国土交通省の大規模自転車道以外にも、河川敷や土手上のローカルなサイクリングロードや細い路地なども収録されているようで、自転車での使用をきちんと考慮された地図データになっているようです。ただし舗装路か非舗装路かは本機の地図画面からは判別できないので注意が必要です。

林道に関しても、基幹林道はもとよりかなりマイナーな道まで収録されているようで、林道走行目的だけなら外部地図を使用する必要は今のところなさそうです。ただし、旧道で、廃道となった道が収録されていない例は確認しています。

善良な一般市民としては廃道が載っていないのはけしからんと主張する訳にはまいりませんから、これは仕方ありません。その他、当然ですがデータ収録日以降に敷設された新しい道は収録されていませんし、住宅街の裏道的な狭路などで未収録の区間もたまにはあるようです。いずにせよ、必要な場合にはそれぞれの目的趣味嗜好志向に適した有償ないしは無償の外部地図を別途導入すれば対応可能です。



(2)トレーニングページ

トレーニングページの表示機能のほとんどは既存のEdgeシリーズ他機種と共通の機能が多いだろうと思いますが、ラップ詳細ページとコースポイントページに関するインプレッションがあまり見当たらないので、ここではこの二つの表示ページに絞って紹介します。

■ラップ詳細ページ

ラップ詳細ページはデータ項目の各ラップごとの一覧表+最大4個のデータ項目を表示するページです。本来はインターバルトレーニングに使うページだと思いますが、当方は専ら休憩から休憩の間のカロリー一覧を表示させて休憩タイミングや補給の現場判断の参考としています。区間距離一覧が表示できないのは残念ですが、タイム一覧とカロリー一覧が見られるだけでも有難いものです。

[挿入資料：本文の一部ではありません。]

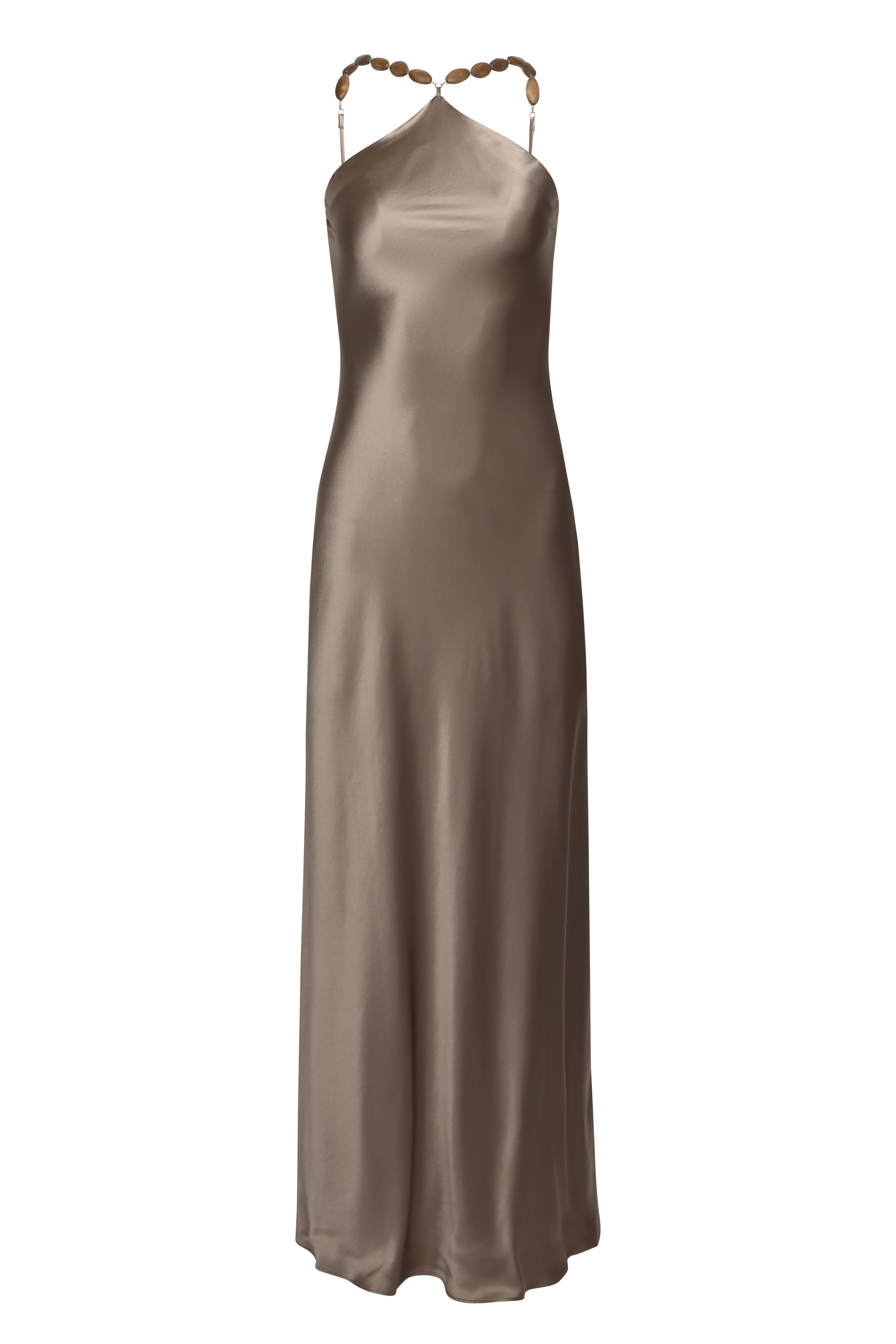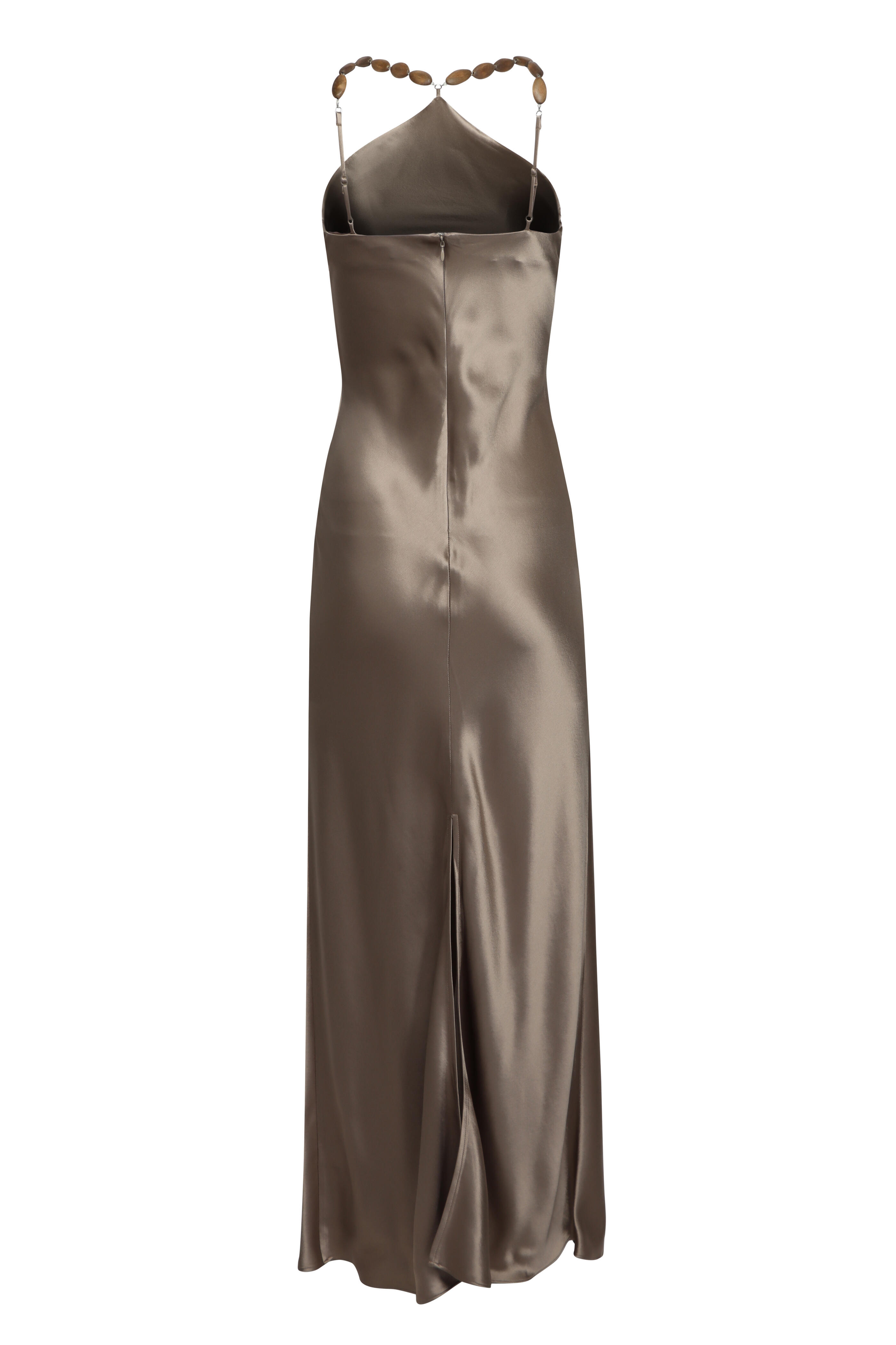 Halter neck. Square back. Sleeveless; thin adjustable straps. Concealed back zip closure. Slim silhouette. Back hem vent. Imported. Bust 33.5” (US 4). Waist 29” (US 4). Length 60” (US 4). Full length. 76% acetate, 24% polyester. Dry clean.

ラップ一覧の部分は、左右の「<」「>」をタップすることで各ラップの平均スピードや平均ケイデンス、平均パワー一覧などに表示を切り替えることもできます。

なお、カロリーの計算方法に関しては「Garmin カロリー数値の疑問」というレビューが過去に議論されているように、本機のカロリーの計算値がどこまで信頼できるのかという問題はありますので、あくまで参考程度です。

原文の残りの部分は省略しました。